Рыков прижимал к груди дубовую кадку. Пахло от нее восхитительно - нагретой летним солнцем лесной поляной, липовым цветом, гречихой.
- Доброго здравия, Марина Сергеевна, - заулыбался Пахом, увидев учительницу. - Я тут… это… батюшке медку принес. Ну… чтоб не гневался. Хороший мед, осенний… Сам собирал. Может, простит, а?
Марина покачала головой:
- Опять не удержались, Пахом Степаныч?
- Опять… - вздохнул Рыков и потупился. - Никак не получается. Уж сколько раз и батюшке обещал, и зарок давал, а все равно…
Наиболее злостным охотникам за самогонкой отец Базиль часто налагал суровую епитимью: воздержаться от любимого зелья. Кому на неделю, а кому и на месяц. Удавалось не всем. Те же, кто все-таки смог исполнить епитимью до конца, немедля прикладывались к бутылке, едва кончался срок запрета. Стараясь наверстать время вынужденного воздержания, мужики проявляли такое усердие, что, бывало, запой продолжался едва ли не в два раза дольше. Потом, конечно, стыдились, приходили каяться; неумолимый батюшка снова заставлял говеть - и все возвращалось на круги своя.

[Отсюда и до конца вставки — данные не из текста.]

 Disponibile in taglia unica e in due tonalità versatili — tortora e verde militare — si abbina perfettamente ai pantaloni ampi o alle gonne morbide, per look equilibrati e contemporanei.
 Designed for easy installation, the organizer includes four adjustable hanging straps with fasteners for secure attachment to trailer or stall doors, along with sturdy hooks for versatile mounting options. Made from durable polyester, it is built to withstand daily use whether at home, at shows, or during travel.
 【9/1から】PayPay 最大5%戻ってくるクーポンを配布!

Пытаясь, разорвать порочный круг, отец Базиль назначал послушание, с каждым разом все более суровое, но тут пришла весна и тоже вмешалась в процесс перевоспитания колодезян. Зимой еще куда ни шло, а весной и тем более летом у сельского жителя дел невпроворот, не всегда же есть время послушание пройти, грех отмывая? Когда куча дел со скотиной, да еще огород, а придет лето - так вообще: и на охоту, и по грибы-ягоды сходить надо… Где уж тут успеть еще и батюшке колодец вырыть? Или, скажем, расчищать под сев церковный огород?
Марина до сих пор с восхищением вспоминала, как изящно отец Базиль решил эту проблему. Он не стал неволить колодезян, наоборот - согласно кивал каждый раз, когда кто-то жаловался на неотложные дела, и предлагал отложить послушание. На время. Пока не выдастся свободный Денек.

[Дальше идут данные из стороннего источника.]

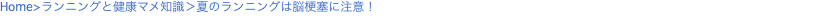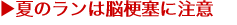 最近の調査で、脳梗塞は冬より むしろ夏場に多く発症することがわかってきました。 脳梗塞は、脳内の血管がつまり、血液の流れが滞ることで、脳に十分な酸素や栄養を供給できなくなる病気です。 突然発症し、致死率が非常に高いことが特徴です。また仮に一命を取り留めたとしても、深刻な後遺症が残る可能性が大きく、できればお近づきになりたくないやっかいな病気です。 従来は気温が低く血流が悪くなりがちな、冬に発症することが多いと考えられていました。 ところが、むしろ夏場こそ発症のリスクが高く、警戒しなければならないことがわかってきました。 特に夏にトレーニングをするランナーは、ランニング中いつ発症してもおかしくないくらいの心構えで、予防をしていただきたいと思います。
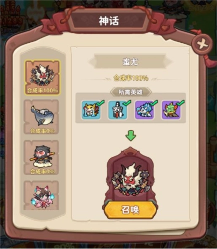 要多多召唤英雄,获得足够的英雄才有机会召唤神话英雄哦~

Вот так и вышло, что большинство колодезян, да и из Белоомута с Сосновкой немало, оказались "должниками" отца Базиля. Правда, таких в деревне не уважали. Первой общее мнение высказала Татьяна Полякова, когда журила своего мужа:
- Перед людьми-то стыдно! Мало того, что вчера пил и песни орал, так еще и послушание отцу Базилю отрабатывать не хочешь. В грехе ходишь! Скоро люди пальцем начнут показывать!
- Да хочу я! - отбивался Поляков. - Не могу просто. За скотиной ходить надо? Огород копать надо? Завтра в лес пойду, а послезавтра надо в коровнике перегородку сладить. Сама же просила…
- Умел грешить, умей и отвечать! - отрезала Татьяна. Тогда "должники" попытались откупиться богатыми пожертвованиями. Отец Базиль вроде не противился, наоборот, но мужики почему-то до смерти боялись отдавать дары ему лично. Приносили на церковное подворье, передавали Марине, а сами - боялись.
Вот и сейчас Пахом притащил свой сладкий дар к школе, а не к дому отца Базиля.
- Милостив наш батюшка-то. Вчерась я ему про грех пития с Еремеичем признался, а он лишь чутку пожурил, да и послушание поставил легкое: за церковной скотиной недельку присматривать… Только не могу я, делов счас многовато. А моя Нинка все пилит и пилит. Стыдно, говорит, перед людьми, неделю грех неснятый на себе таскаешь!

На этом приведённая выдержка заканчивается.